CREATE TABLE tmp_price_history (
product_id INT,
price DOUBLE PRECISION,
valid_from TIMESTAMP,
valid_to TIMESTAMP
);
INSERT INTO tmp_price_history VALUES
(1, 19.99, '2026-04-01 00:00:00', '2026-04-01 08:00:00'),
(1, 24.99, '2026-04-01 08:00:00', '2026-04-01 12:00:00'),
(1, 29.99, '2026-04-01 12:00:00', '9999-12-31 23:59:59'),
(2, 49.99, '2026-04-01 00:00:00', '2026-04-01 10:00:00'),
(2, 59.99, '2026-04-01 10:00:00', '9999-12-31 23:59:59');
CREATE TABLE tmp_purchase_events (
purchase_id INT,
product_id INT,
quantity INT,
event_time TIMESTAMP
);
INSERT INTO tmp_purchase_events VALUES
(101, 1, 2, '2026-04-01 07:30:00'), -- before price increase
(102, 1, 1, '2026-04-01 09:00:00'), -- after first price change
(103, 2, 3, '2026-04-01 11:00:00'), -- after second product's price change
(104, 1, 5, '2026-04-01 13:00:00'); -- after second price change
The temporal join uses the event_time to select the correct price row:
SELECT
p.purchase_id,
p.product_id,
p.quantity,
p.event_time,
ph.price AS unit_price,
p.quantity * ph.price AS total_price
FROM tmp_purchase_events p
JOIN tmp_price_history ph
ON p.product_id = ph.product_id
AND p.event_time >= ph.valid_from
AND p.event_time < ph.valid_to
ORDER BY p.purchase_id;
purchase_id | product_id | quantity | event_time | unit_price | total_price
-------------+------------+----------+---------------------+------------+-------------
101 | 1 | 2 | 2026-04-01 07:30:00 | 19.99 | 39.98
102 | 1 | 1 | 2026-04-01 09:00:00 | 24.99 | 24.99
103 | 2 | 3 | 2026-04-01 11:00:00 | 59.99 | 179.97
104 | 1 | 5 | 2026-04-01 13:00:00 | 29.99 | 149.95
(4 rows)
Purchase 101 correctly uses the 19.99 price that was active at 07:30, not the current 29.99. This is impossible to achieve with a standard equi-join, which would always return the most recent price row.
Processing Time with proctime()
For scenarios where you want to watermark and window on arrival time rather than event time, RisingWave provides the proctime() computed column.
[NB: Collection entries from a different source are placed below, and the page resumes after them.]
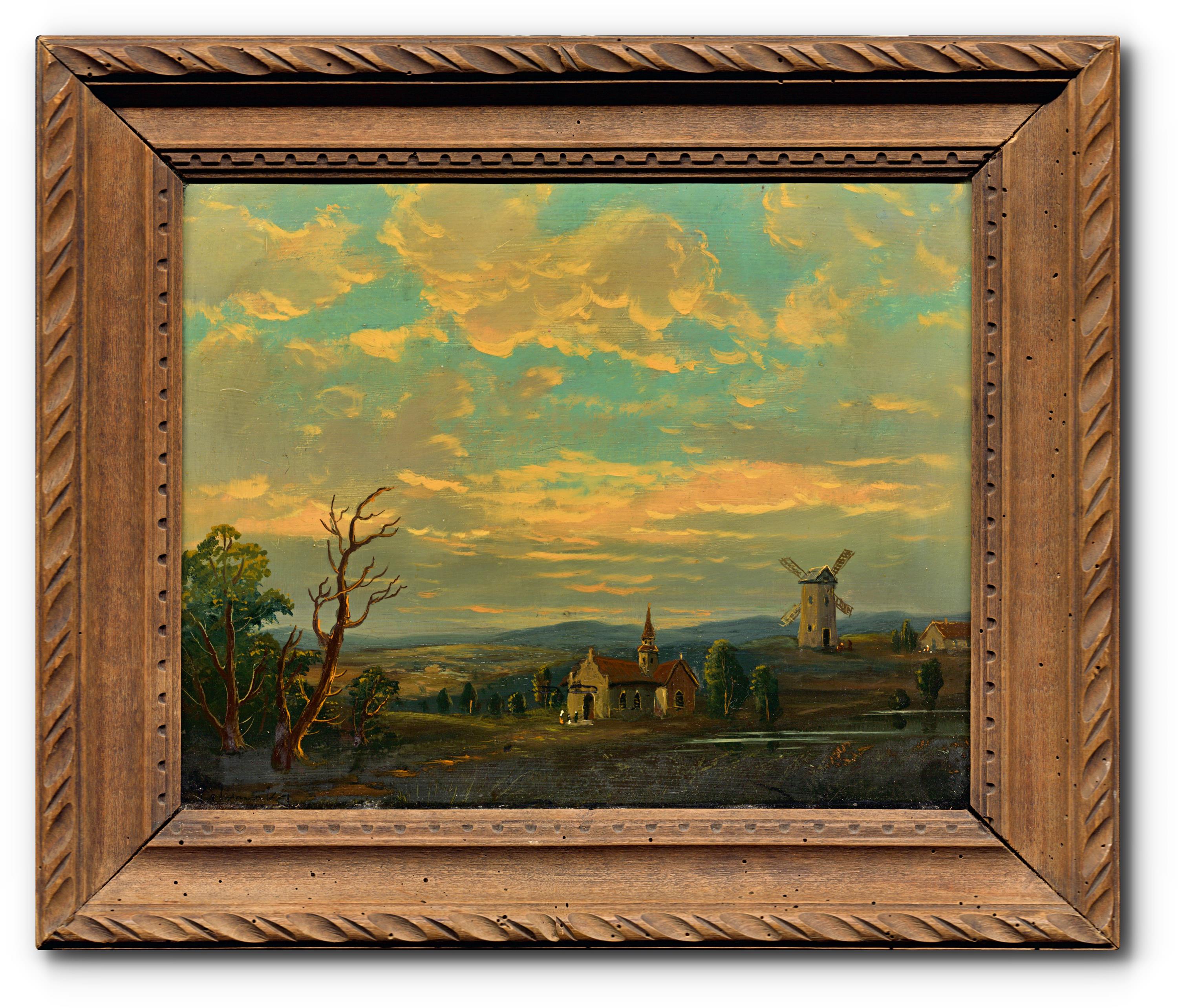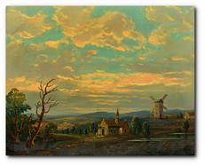 Krajina s větrným mlýnem a kostelem
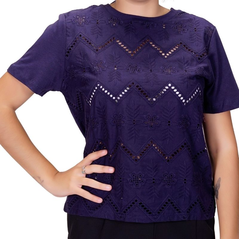 MujerRopa mujerRemeras y blusasRemera Mc Azul Marino De Broderi C/ Detalles Tiare
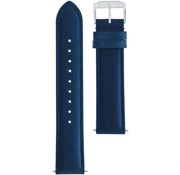 Navy blue smooth leather strap with matching top-stitching, dual keepers, tension pins and classic stainless steel (SS) buckle; fits select Heritage Series, Red Label, 1881 Automatic, Movado Ultra Slim models.
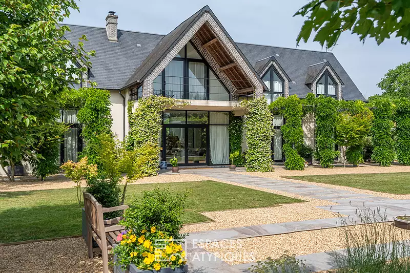 Au bout d'une allée discrète, abritée et enlacée par un jardin paysager de presque 3 000 m², cette impressionnante villa d'architecte récente joue la transparence et flirte avec les reflets de la végétation. Sur plus de 356 m² de design et de matériaux haut de gamme, le tout traversé de part en part grâce aux larges baies de plus de 6 mètres de hauteur, cette demeure familiale offre des volumes hors normes. Des parements de brique, de larges ouvertures à pans de bois, autant d'éléments typiques qui pourraient faire passer cette sublime réalisation architecturale pour une ancienne solognote revisitée en version contemporaine. Il n'en est rien. Dès l'entrée principale, un salon-séjour à l'atmosphère japonisante est réchauffé par une cheminée à foyer traversant et un escalier monumental entremêlé de bois et d'acier. Un coin repas harmonieux s'ouvre sur une cuisine contemporaine, idéalement conçue et pouvant être complètement ouverte sur les espaces de vie grâce à une cloison intégrée. Une arrière-cuisine généreuse et bien pensée trouve sa place dans la continuité de la maison. D'autre part, une extension contemporaine pensée comme un salon d'été vient parfaire le confort de la villa, dotée de larges ouvertures, laissant apprécier le cadre de verdure, été comme hiver. Un véritable salon de réception complémentaire, à la fois intimiste et douillet, permet de recevoir. Une large pièce à usage de bureau, aisément transformable en suite parentale de plain-pied, s'ouvre sur une salle de bain remarquable, dont la pièce maîtresse est une baignoire à l'esprit « onsen » japonais en bois lituanien, un sauna haut de gamme, et, pour prolonger l'expérience bien-être, un espace douche extérieur intimiste. Le premier niveau se compose de trois grandes suites, toutes dotées de leur propre salle d'eau ou salle de bain. L'une d'elles dispose d'un espace dressing sur mesure ainsi que d'un grand balcon orienté plein sud, tandis qu'une autre, comparable aux plus grands établissements hôteliers, s'ouvre sur un salon de détente privatif ainsi qu'une coursive extérieure, dans un esprit chalet du plus bel effet. Avec une vie dedans/dehors recherchée, la villa, en position centrale sur une parcelle savamment paysagée avec des essences délicates telles que des glycines grimpantes remarquables et diverses espèces d'érables du Japon, offre une atmosphère luxuriante et tranquille. Que ce soit depuis la terrasse principale, la pergola en bois végétalisée ou les balcons-terrasses, chaque espace offre une vue et une atmosphère particulière. Située dans un quartier recherché, cette propriété unique en son genre, discrète et familiale, offre un accès aisé aux commodités locales, y compris aux écoles, commerces et services, à seulement 15 minutes du centre-ville de Blois, au coeur de la vallée des Rois et à proximité des châteaux prestigieux de Chaumont-sur-Loire, Chambord ou encore Cheverny. Pompe à chaleur, panneaux photovoltaïques, isolation optimale, huisseries dernière génération, confort du chauffage au sol : la vie quotidienne y est écologique et économique grâce à un classement énergétique efficace. Cette sublime réalisation séduit dès le premier regard, entre modernité et beaux matériaux. CLASSE ÉNERGIE : B / CLASSE CLIMAT : A Estimation du cout annuel en énergie pour un usage standard entre 2000 euros et 2780 euros. Prix moyens des énergies indexés sur les années 2021, 2022, 2023 (abonnements compris) Contact (EI): Margaux Garanne: 07 70 18 84 04 Agent commercial RSAC 930189519 Les honoraires sont charge vendeur Les informations sur les risques auxquels ce bien est exposé sont disponibles sur le site Géorisques pour les zones concernées : www.georisques.gouv.fr

Unlike event_time, which you populate from your data, proctime() is assigned automatically by the database at ingestion.
CREATE TABLE tmp_proc_time_events (
event_id INT,
event_type VARCHAR,
event_time TIMESTAMP,
proc_time TIMESTAMPTZ AS proctime()
) APPEND ONLY;
INSERT INTO tmp_proc_time_events (event_id, event_type, event_time) VALUES
(1, 'click', '2026-04-01 10:00:00'),
(2, 'purchase', '2026-04-01 10:01:00'),
(3, 'view', '2026-04-01 10:05:00');
SELECT event_id, event_type, event_time, proc_time FROM tmp_proc_time_events ORDER BY event_id;
event_id | event_type | event_time | proc_time
----------+------------+---------------------+-------------------------------
1 | click | 2026-04-01 10:00:00 | 2026-04-02 07:39:29.456+00:00
2 | purchase | 2026-04-01 10:01:00 | 2026-04-02 07:39:29.456+00:00
3 | view | 2026-04-01 10:05:00 | 2026-04-02 07:39:52.456+00:00
(3 rows)
Events 1 and 2 share the same proc_time because they were inserted in the same batch, while event 3 was inserted later. The proc_time column reflects wall-clock ingestion time, independent of the event_time values in your data.
Use proctime() for:
- Operational monitoring where you care about system throughput, not user activity timing
- Debugging pipeline latency by comparing
proc_timetoevent_time - Watermarking when your data sources do not carry reliable event timestamps
Putting It All Together: A Decision Framework
| Question | Time Domain | Approach |
| What happened in a past time window? | Event time | Temporal filter on event_time column |
| What did my system process recently? | Processing time | Temporal filter on proc_time or ingest_time |
| What was the state at 3 PM yesterday? | Event time | Query MV with WHERE window_start = '...' |
| How much data did we ingest this hour? | Processing time | Temporal filter on proctime() column |
| How late is my data arriving? | Both | ingest_time - event_time comparison |
| What price applied when an order was placed? | Event time | Temporal join with valid_from/valid_to |
| Finalized aggregates for closed windows? | Event time | EMIT ON WINDOW CLOSE with watermark |
Related Topics
For a deeper look at the window functions referenced in this post, see Windowing in Stream Processing: Tumbling, Hopping, Sliding, and Session Windows.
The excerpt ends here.